1901 Ulster Senior Hurling Championship
- Date: 1 April 1901
- Teams: 2
- Champions: Antrim (2nd title)

Tournament statistics
- Matches played: 1

= 1901 Ulster Senior Hurling Championship =

The 1901 Ulster Senior Hurling Championship was the inaugural edition of the annual Ulster Senior Hurling Championship held under the auspices of the Ulster GAA. The Championship consisted of a single match between Antrim and Derry, the only entrants.

Antrim had competed in the previous year's All-Ireland Senior Hurling Championship having emerged from Ulster unchallenged. As a consequence, Antrim were treated as defending Ulster Champions despite no matches taking place.
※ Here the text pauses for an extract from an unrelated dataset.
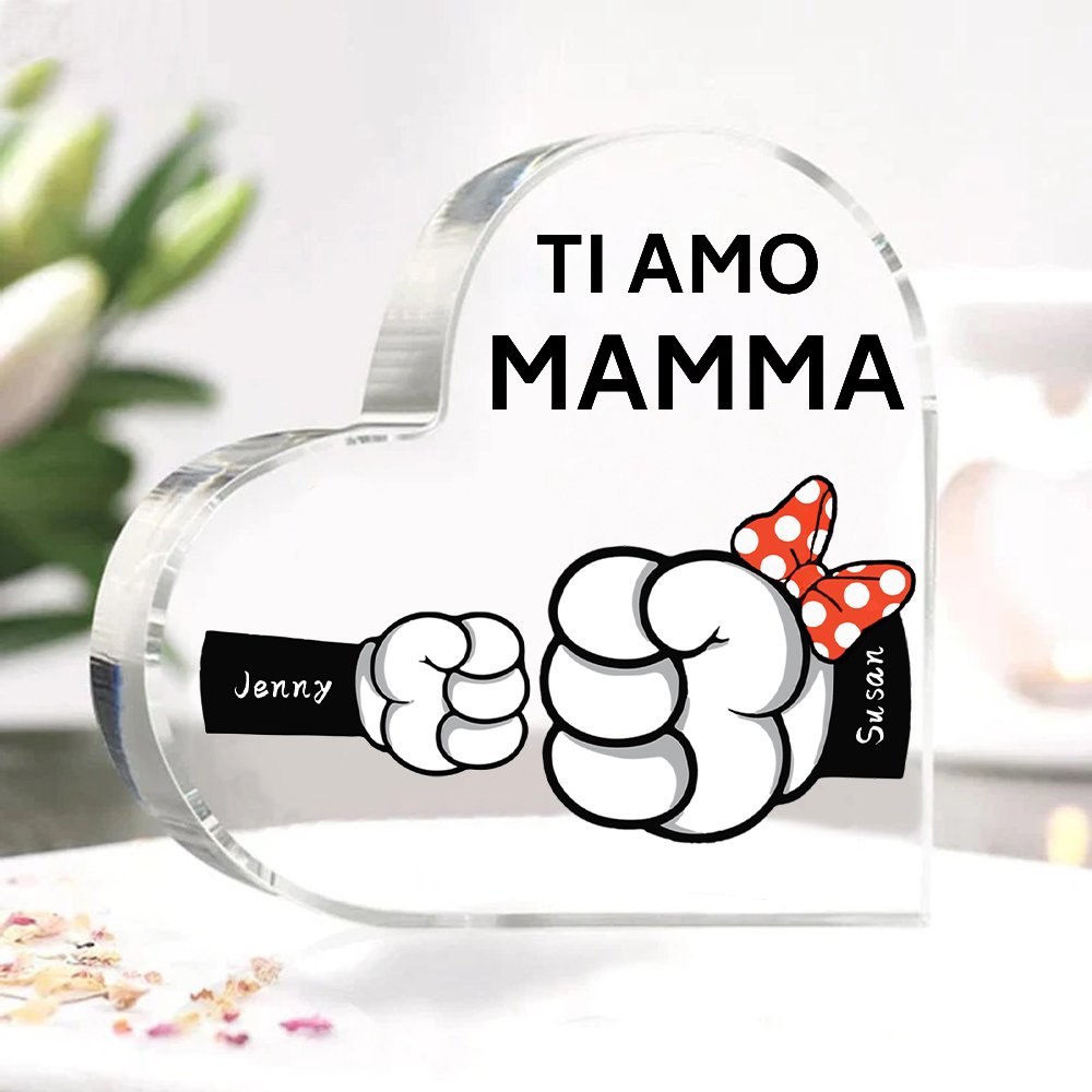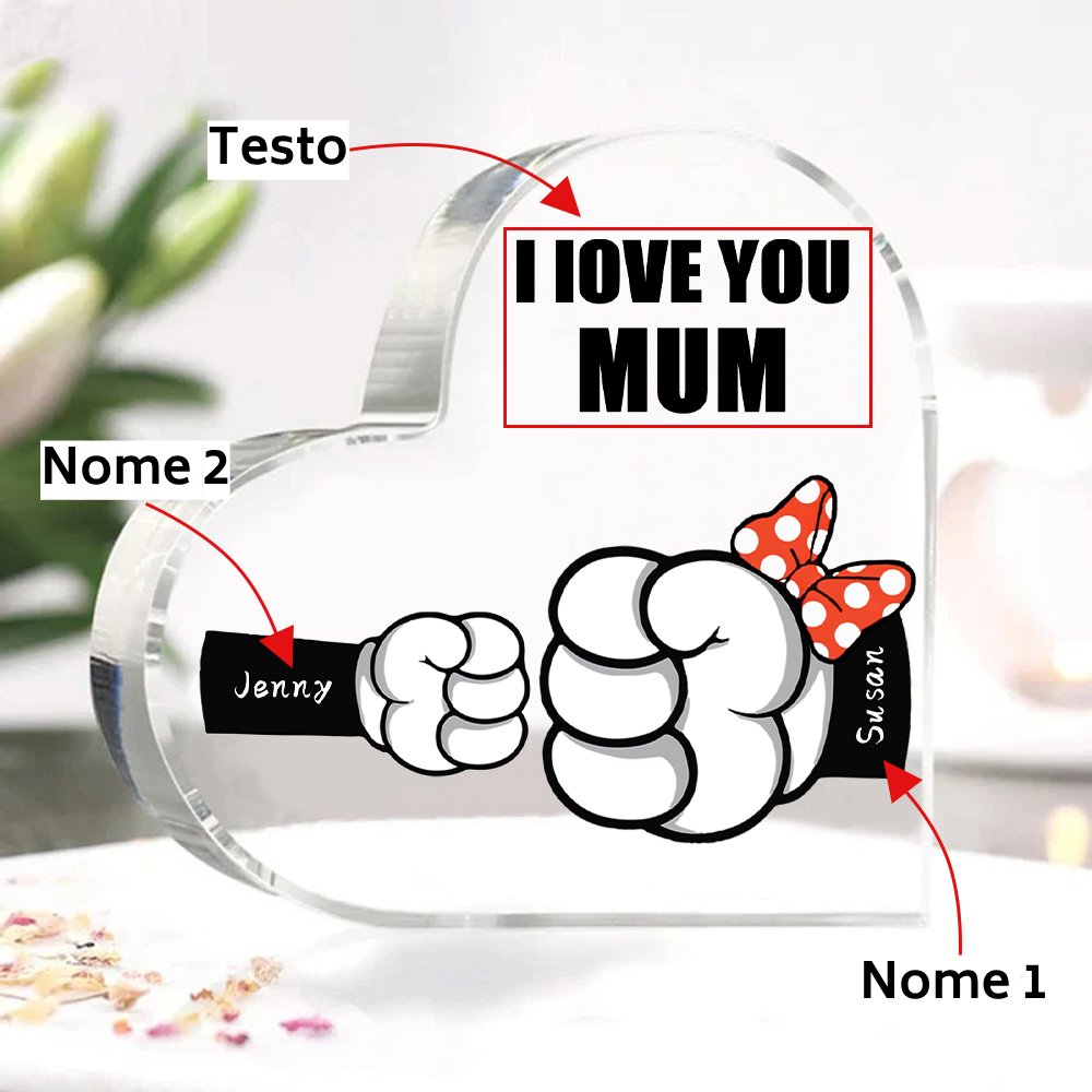 MAMMA Decorazione acrilica pugno a pugno a forma di cuore 2 nomi e 1 testo personalizzati per mamma/nonna

Antrim emerged victorious by 41 points to 12. The exact breakdown of the final score has been lost to history. Antrim advanced to the semifinal of the 1901 All-Ireland Senior Hurling Championship where they were defeated by Wexford.

== Teams ==

=== General Information ===
Two counties will compete in the Ulster Senior Hurling Championship:

| County | Last Provincial Title | Last All-Ireland Title | Position in 1900 Championship | Appearance |
|---|---|---|---|---|
| Antrim | 1900 | — | All-Ireland semi-finals | 2nd |
| Derry | — | — | — | 1st |

=== Team Kits ===

| Antrim | Derry |
Titles
| 1 | 0 |
Last title
| 1900 | n/a |

== Final ==

=== Ulster final ===

- Antrim advance to the 1901 All-Ireland Senior Hurling Championship semi-finals.

== Miscellaneous ==

- Antrim win their 2nd Ulster title and remain the only team to win the championship.